> [REQUIREMENT]:
Return the listing below exactly. Leave its pictures out.

> [MATERIAL PROVIDED]:

[Start of section]

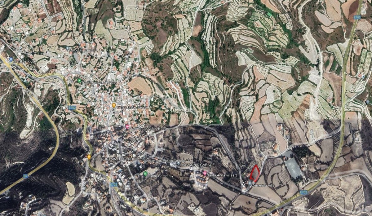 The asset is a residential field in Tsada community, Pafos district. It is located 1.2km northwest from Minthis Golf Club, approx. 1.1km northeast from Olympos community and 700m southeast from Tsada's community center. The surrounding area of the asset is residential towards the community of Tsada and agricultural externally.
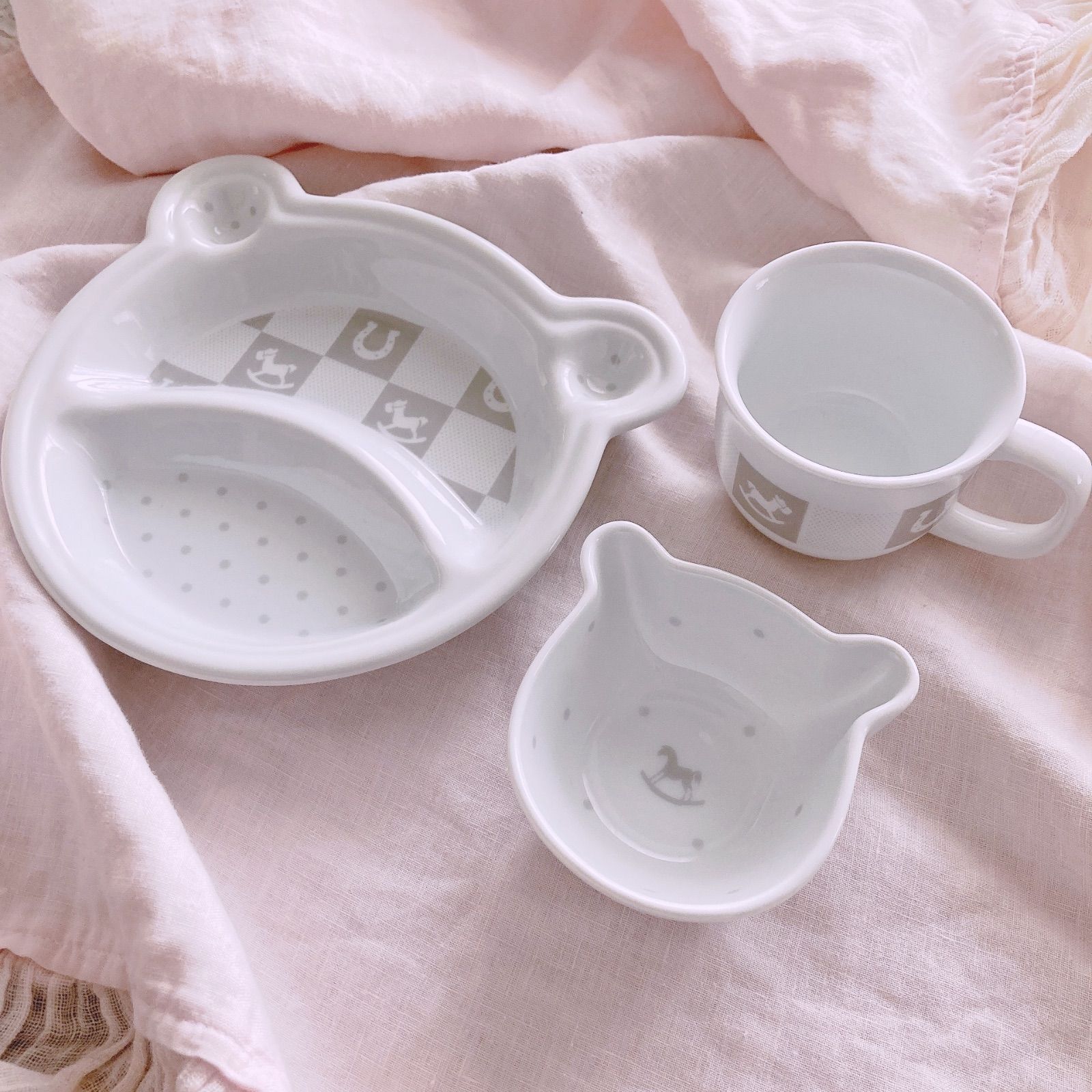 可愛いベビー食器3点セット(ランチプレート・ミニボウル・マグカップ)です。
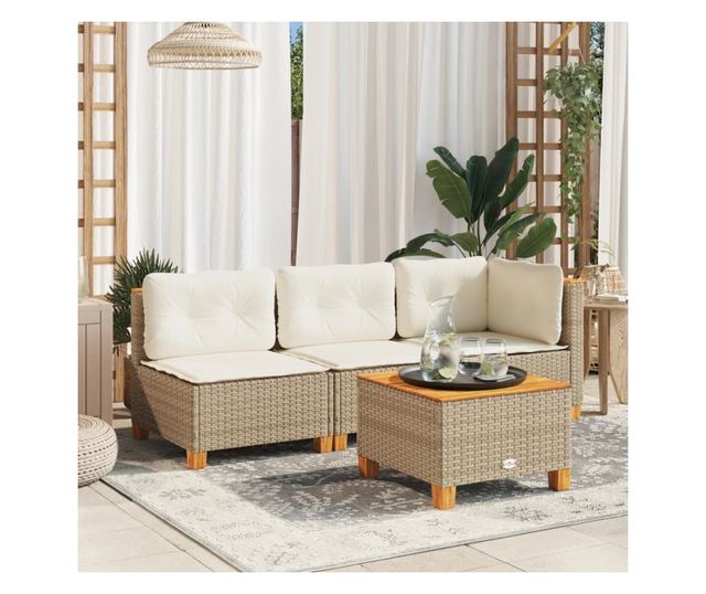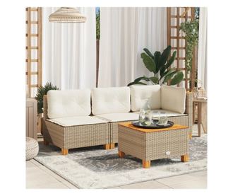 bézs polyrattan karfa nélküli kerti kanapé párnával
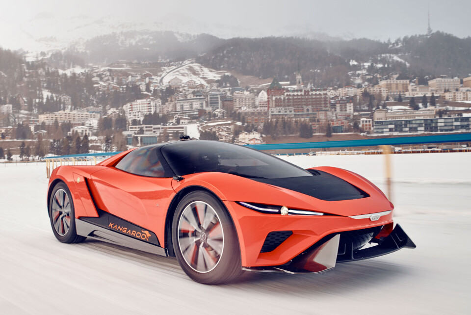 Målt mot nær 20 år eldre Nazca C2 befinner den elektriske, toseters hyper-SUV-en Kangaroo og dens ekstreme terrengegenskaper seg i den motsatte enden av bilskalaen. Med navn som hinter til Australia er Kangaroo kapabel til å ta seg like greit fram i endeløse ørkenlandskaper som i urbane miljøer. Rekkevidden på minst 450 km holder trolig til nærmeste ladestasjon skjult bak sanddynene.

[End of section]

> [EXERCISE ANSWER]:
 The asset is a residential field in Tsada community, Pafos district. It is located 1.2km northwest from Minthis Golf Club, approx. 1.1km northeast from Olympos community and 700m southeast from Tsada's community center. The surrounding area of the asset is residential towards the community of Tsada and agricultural externally.
 可愛いベビー食器3点セット(ランチプレート・ミニボウル・マグカップ)です。
 bézs polyrattan karfa nélküli kerti kanapé párnával
 Målt mot nær 20 år eldre Nazca C2 befinner den elektriske, toseters hyper-SUV-en Kangaroo og dens ekstreme terrengegenskaper seg i den motsatte enden av bilskalaen. Med navn som hinter til Australia er Kangaroo kapabel til å ta seg like greit fram i endeløse ørkenlandskaper som i urbane miljøer. Rekkevidden på minst 450 km holder trolig til nærmeste ladestasjon skjult bak sanddynene.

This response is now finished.